What is an EARN?
An EARNSM is a new type of home financing product which, unlike a conventional mortgage, has no monthly interest payments. Instead of having to pay interest each month the EARN Equity Note cost is based on your home's future value. With conventional mortgages you borrow money from a lender who receives interest in return for lending you the money to purchase or improve your home. With an EARN Equity Note, there isn't a lender, but rather an investor, who is entitled to a portion of the value of your home when you sell the home, repurchase the note, or pass away.
- For a new homeowner, an EARNSM Equity Note can lower your monthly payment, because part of the purchase price is financed through an EARN instead of a conventional mortgage.
- For an existing homeowner, an EARNSM Equity Note allows you to receive up to half the value of your home equity in cash*. This allows you to refinance your home, diversify your assets, or create a guaranteed income stream in retirement, a huge problem facing the vast majority of Baby Boomers in the United States.
Like a conventional mortgage, an EARN is an obligation that must be paid back. But unlike a conventional mortgage, there are no periodic payments, and no risk of losing your home.
Instead, the EARN is only repaid when you sell your home, upon the death of the homeowner’s or if you choose to repay the EARN. At that time, the investor receives, as payment, a portion of the sale price of the home.

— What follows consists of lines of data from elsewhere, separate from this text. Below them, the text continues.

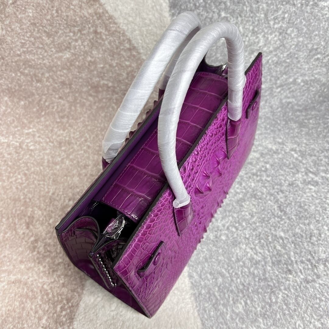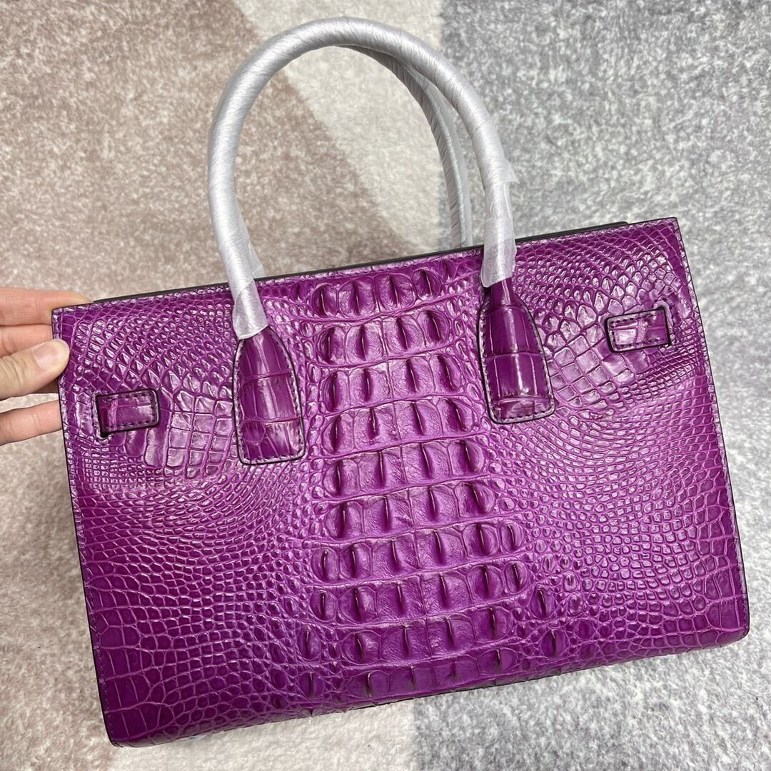 クロコダイル ワニ革本物 ハンドバッグ ショルダーバッグ 2way 本革 レディースバッグ 肩掛け 手提げ 鞄 綺麗色 ムラサキ
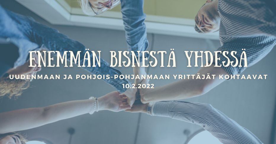 Tule mukaan Enemmän bisnestä yhdessä -yritystreffeille ja laajenna verkostoasi! Enemmän bisnestä yhdessä on Uudenmaan Yrittäjien sekä Pohjois-Pohjanmaan Yrittäjien järjestämä verkostoitumistapahtuma. Se on tarkoitettu kaikille yrittäjille toimialasta, -paikasta ja yrityskoosta riippumatta. Tapahtuma järjestetään täysin etänä verkon välityksellä.
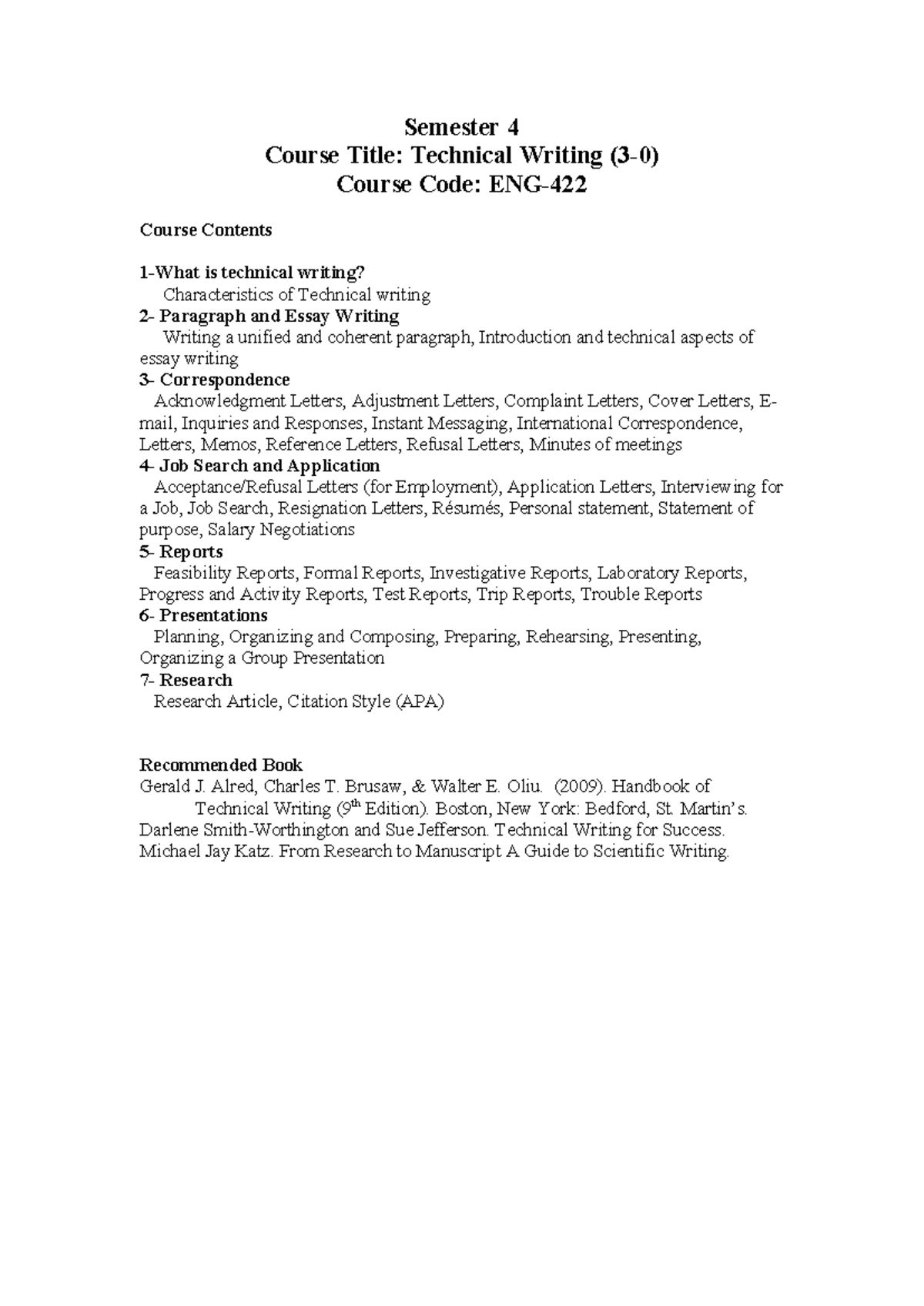 Technical Writing Course Module - Semester 4 Overview - Studocu

If the home price has increased,the investor will share in the appreciation of the home. If the home price has gone down, the investor may absorb a share of the loss. Most importantly –
- an EARN is not a sale of your home,
- the investor does not share ownership in your home, and
- there is no impact on your taxes**
How Does an EARN Work?
Applying for an EARN is similar to applying for a conventional mortgage or a home equity line of credit. Here’s an example of how an EARN may work when applied for:
- Your home is appraised by an Independent Appraiser to determine its fair market value. In this example, we will assume that the home is appraised at $600,000.
- The investor may offer you an EARN equal to 20% of the current home value or $120,000. The actual offer may vary, similar to how mortgage rates vary.
- You sign the EARN Note documents and receive the $120,000.
- At some future date when you decide to sell the home, the investor will receive a portion of the sales price as repayment for the EARN. The percentage the investor receives is predicated on you, your home, and the general real estate market. Once the investor fixes the percentage, it is not subject to change. As an example, the investor may give you 20% of the current home value in return for 24% of the future value of your home.
Next: How Can I Use an EARN?
* The amount the homeowner may access with an EARNSM Equity Note is predicated on the loan to value ratio, credit profile and other factors determined by the investor.
** EARN encourages you to seek professional tax counsel before entering into an EARN Note agreement.